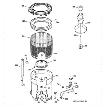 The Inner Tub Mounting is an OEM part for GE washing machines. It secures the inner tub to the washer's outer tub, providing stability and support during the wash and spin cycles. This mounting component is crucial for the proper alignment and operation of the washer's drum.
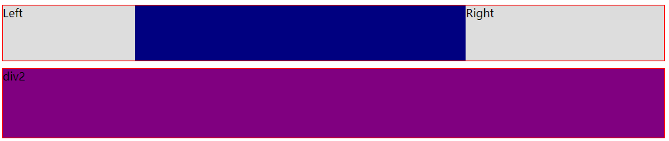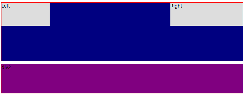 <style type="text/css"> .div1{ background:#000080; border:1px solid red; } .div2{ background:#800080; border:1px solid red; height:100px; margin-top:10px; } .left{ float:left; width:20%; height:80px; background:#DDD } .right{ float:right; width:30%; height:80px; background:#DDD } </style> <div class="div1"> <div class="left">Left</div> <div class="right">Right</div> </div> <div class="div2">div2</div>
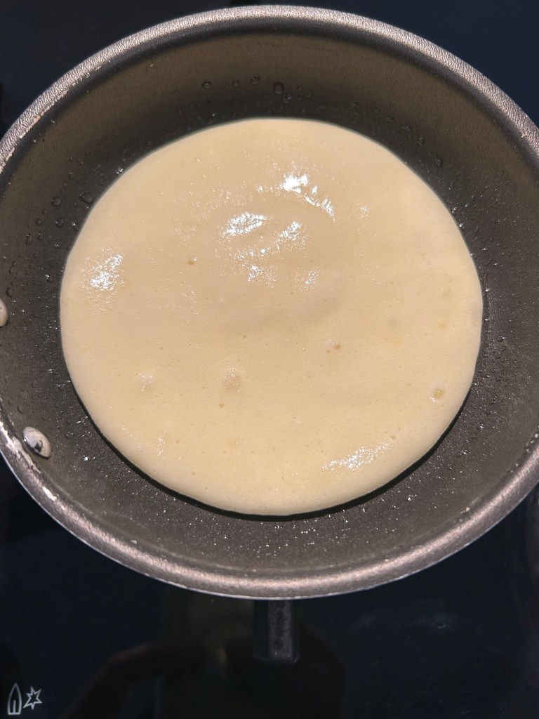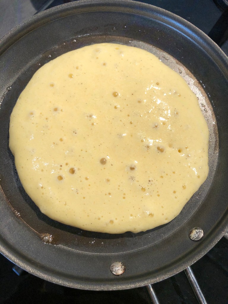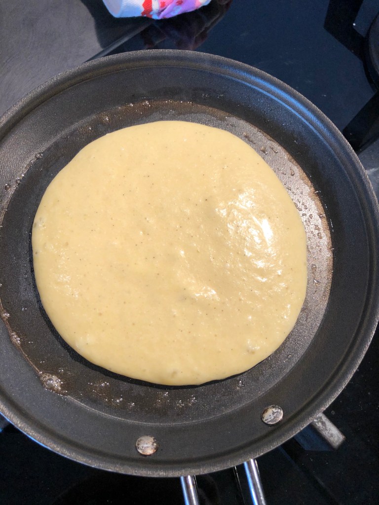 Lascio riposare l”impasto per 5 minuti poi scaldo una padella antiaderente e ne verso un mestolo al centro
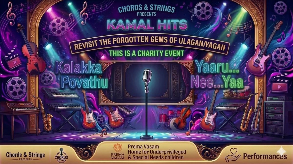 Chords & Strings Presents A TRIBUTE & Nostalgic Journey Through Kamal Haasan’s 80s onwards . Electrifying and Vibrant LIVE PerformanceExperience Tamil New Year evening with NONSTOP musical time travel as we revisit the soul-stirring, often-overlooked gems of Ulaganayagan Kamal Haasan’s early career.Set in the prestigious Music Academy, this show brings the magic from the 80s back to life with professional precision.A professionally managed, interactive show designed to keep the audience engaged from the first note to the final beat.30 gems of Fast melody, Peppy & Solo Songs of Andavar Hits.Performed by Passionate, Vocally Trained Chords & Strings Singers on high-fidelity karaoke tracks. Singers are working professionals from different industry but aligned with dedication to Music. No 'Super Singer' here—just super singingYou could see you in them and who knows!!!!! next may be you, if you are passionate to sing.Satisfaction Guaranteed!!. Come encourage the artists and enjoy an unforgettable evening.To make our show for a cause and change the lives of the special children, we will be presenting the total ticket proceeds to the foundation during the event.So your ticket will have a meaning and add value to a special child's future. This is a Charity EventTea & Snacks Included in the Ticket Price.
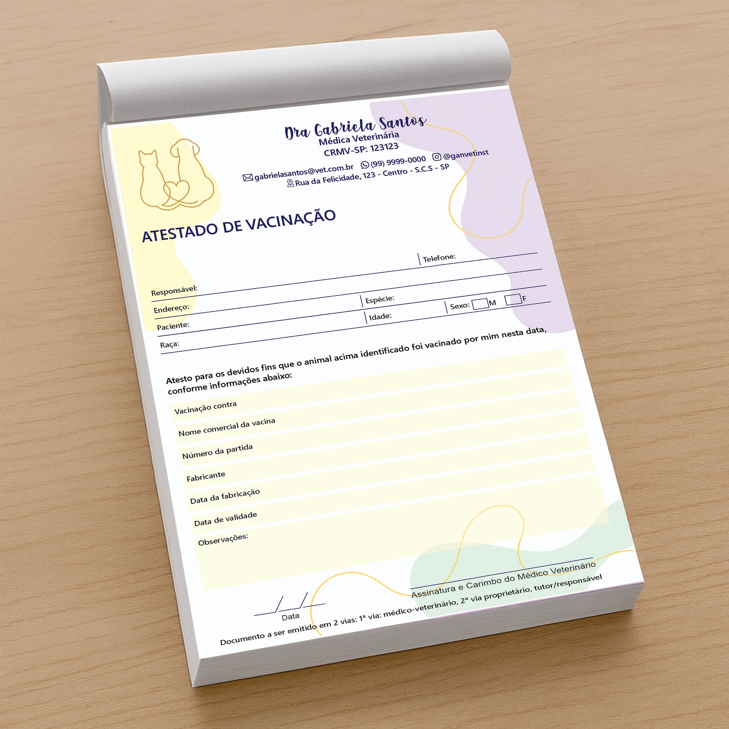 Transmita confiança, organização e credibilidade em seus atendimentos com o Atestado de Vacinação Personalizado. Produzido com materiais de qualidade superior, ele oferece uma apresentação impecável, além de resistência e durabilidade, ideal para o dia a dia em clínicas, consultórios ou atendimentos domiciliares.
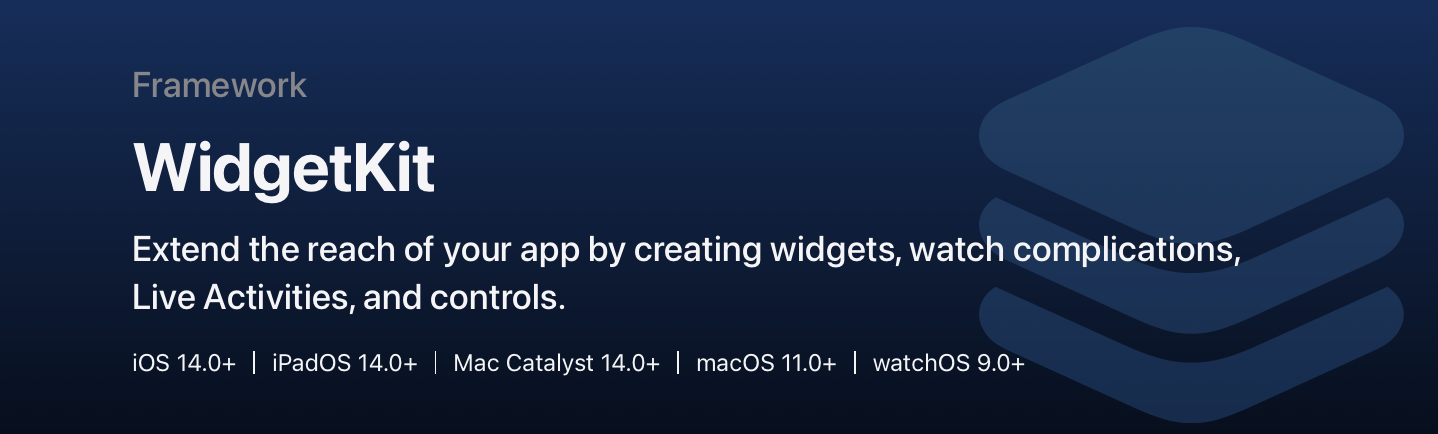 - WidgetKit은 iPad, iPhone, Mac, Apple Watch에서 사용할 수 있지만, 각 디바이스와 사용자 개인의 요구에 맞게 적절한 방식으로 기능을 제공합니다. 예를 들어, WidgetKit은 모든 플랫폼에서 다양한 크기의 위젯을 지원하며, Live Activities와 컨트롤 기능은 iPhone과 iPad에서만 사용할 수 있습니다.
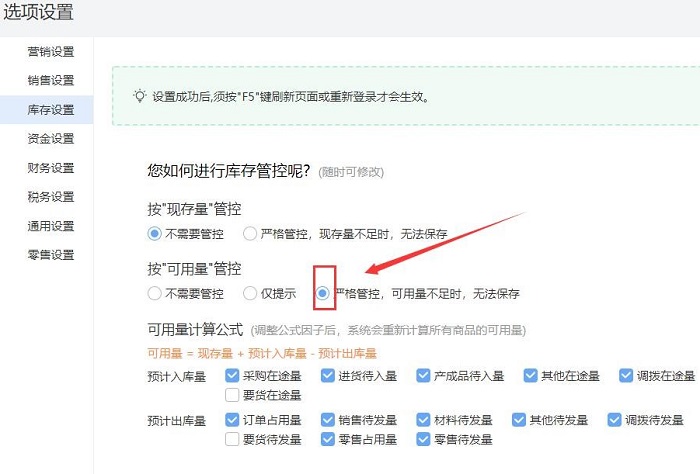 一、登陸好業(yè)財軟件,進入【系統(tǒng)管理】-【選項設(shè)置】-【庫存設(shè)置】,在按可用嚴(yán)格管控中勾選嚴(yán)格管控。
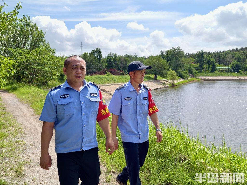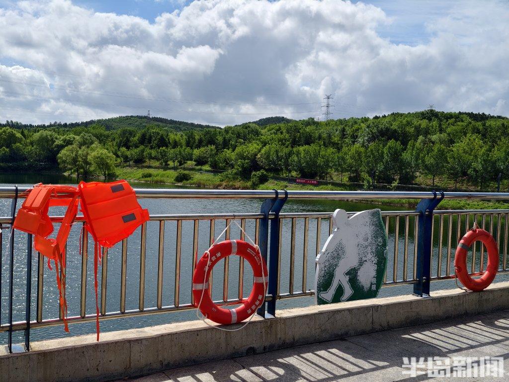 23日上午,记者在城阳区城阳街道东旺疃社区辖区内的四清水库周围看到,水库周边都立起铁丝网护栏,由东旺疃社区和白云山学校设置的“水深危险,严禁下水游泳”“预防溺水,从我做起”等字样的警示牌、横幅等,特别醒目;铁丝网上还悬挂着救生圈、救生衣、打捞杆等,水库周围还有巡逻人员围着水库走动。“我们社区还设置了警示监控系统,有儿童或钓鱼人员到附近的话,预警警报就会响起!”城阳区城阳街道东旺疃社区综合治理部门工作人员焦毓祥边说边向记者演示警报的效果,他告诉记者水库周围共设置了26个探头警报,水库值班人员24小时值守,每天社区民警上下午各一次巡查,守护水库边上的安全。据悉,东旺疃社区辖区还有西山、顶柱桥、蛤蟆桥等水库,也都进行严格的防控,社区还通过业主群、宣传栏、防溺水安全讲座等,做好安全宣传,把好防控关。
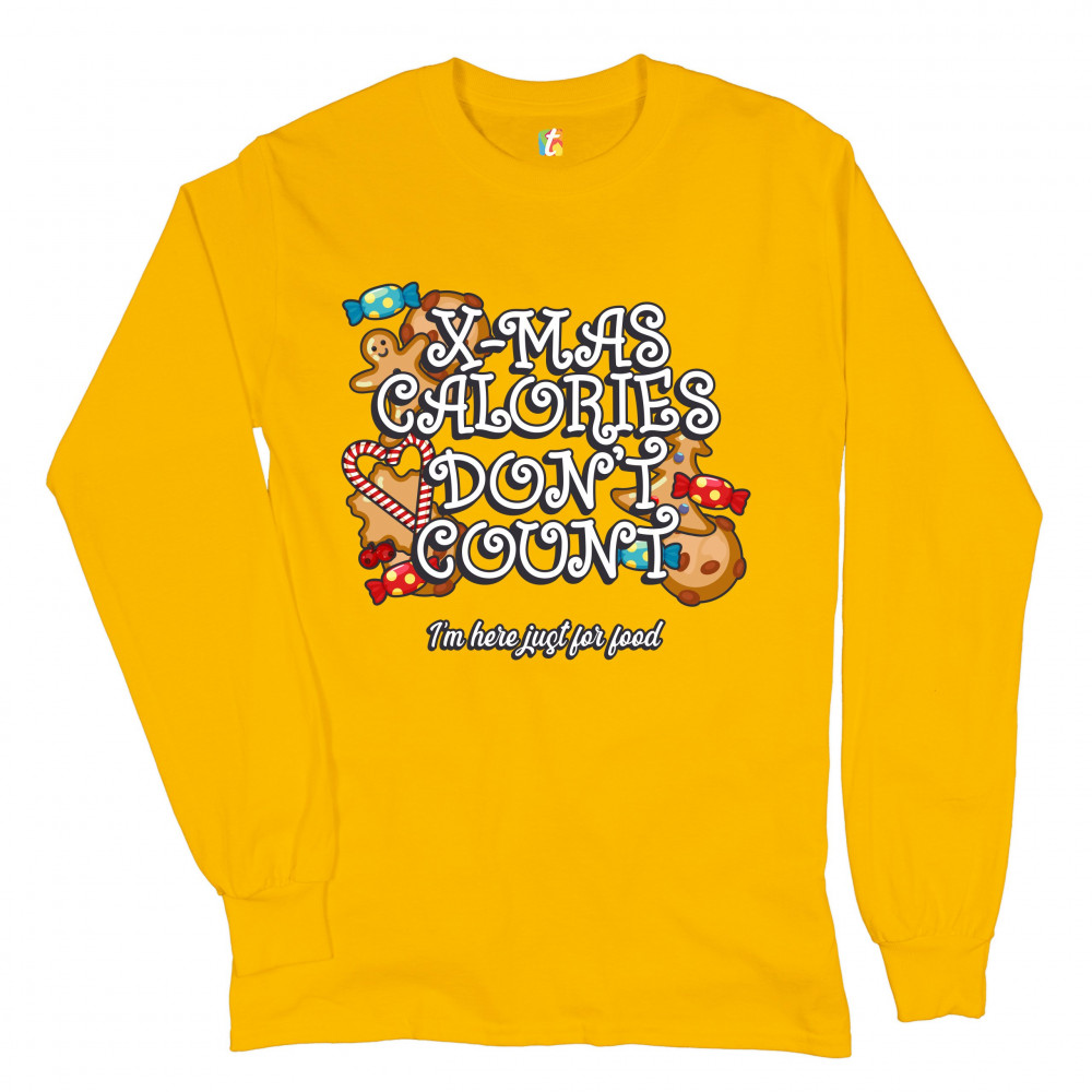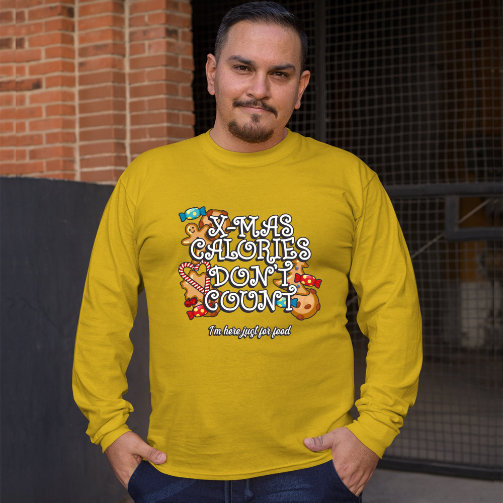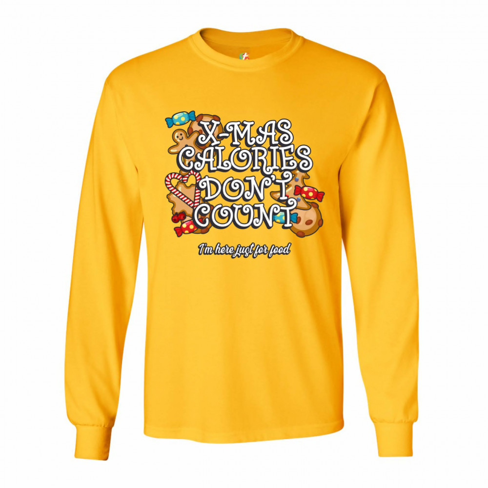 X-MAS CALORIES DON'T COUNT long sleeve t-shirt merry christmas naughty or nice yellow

________________

The lines above starting at the one that holds "- WidgetKit은 iPad, iPhone, Mac, Apple" and ending at the one that holds "一、登陸好業(yè)財軟件,進入【系統(tǒng)管理】" are to be written out exactly, ends included, and no pictures are to be copied.

> Result:
 - WidgetKit은 iPad, iPhone, Mac, Apple Watch에서 사용할 수 있지만, 각 디바이스와 사용자 개인의 요구에 맞게 적절한 방식으로 기능을 제공합니다. 예를 들어, WidgetKit은 모든 플랫폼에서 다양한 크기의 위젯을 지원하며, Live Activities와 컨트롤 기능은 iPhone과 iPad에서만 사용할 수 있습니다.
 一、登陸好業(yè)財軟件,進入【系統(tǒng)管理】-【選項設(shè)置】-【庫存設(shè)置】,在按可用嚴(yán)格管控中勾選嚴(yán)格管控。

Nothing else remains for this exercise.